7. TCWG, together with its direct and indirect subsidiaries, collectively constitute The TCW Group, Inc. business unit (the "TCW Business Unit"). The TCW Business Unit is primarily engaged in the provision of investment management services. The ultimate parent company of TCWG is Societe Generale, S.A., a company incorporated under the laws of France ("SG"). The principal business of SG is acting as a holding company for a global financial services group, which includes certain distinct specialized business units that are independently operated, including the TCW Business Unit. SG, for purposes of the federal securities laws, may be deemed ultimately to control TCWG and the TCW Business Unit. SG, its executive officers and directors, and its direct and indirect subsidiaries (including all of its business units except the TCW Business Unit), may be deemed to beneficially own securities of the Issuer and such securities are not reported in this statement.
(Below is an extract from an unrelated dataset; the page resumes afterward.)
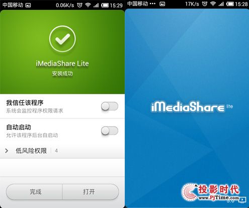 在使用时,需先打开G3S内置的应用软件Telechios,方可与安卓手机连接。通过iMediaShare软件选择用户所想分享的媒体内容,如视频、照片和音乐等就可直接从美高光电G3S上进行投影演示。无须任何连接线就可直接将手机内的内容放大数倍进行投影与朋友之间分享。

8. In accordance with Exchange Act Release No. 34-39538 (January 12, 1998) and due to the separate management and independent operation of its business units, SG disclaims beneficial ownership of securities of the Issuer beneficially owned by the TCW Business Unit. Each member of the TCW Business Unit disclaims beneficial ownership of securities of the Issuer beneficially owned by SG and any of SG's other business units.
/s/ George P. Hawley 06/10/2010
** Signature of Reporting Person Date
Reminder: Report on a separate line for each class of securities beneficially owned directly or indirectly.
* If the form is filed by more than one reporting person, see Instruction 4 (b)(v).
** Intentional misstatements or omissions of facts constitute Federal Criminal Violations See 18 U.S.C. 1001 and 15 U.S.C. 78ff(a).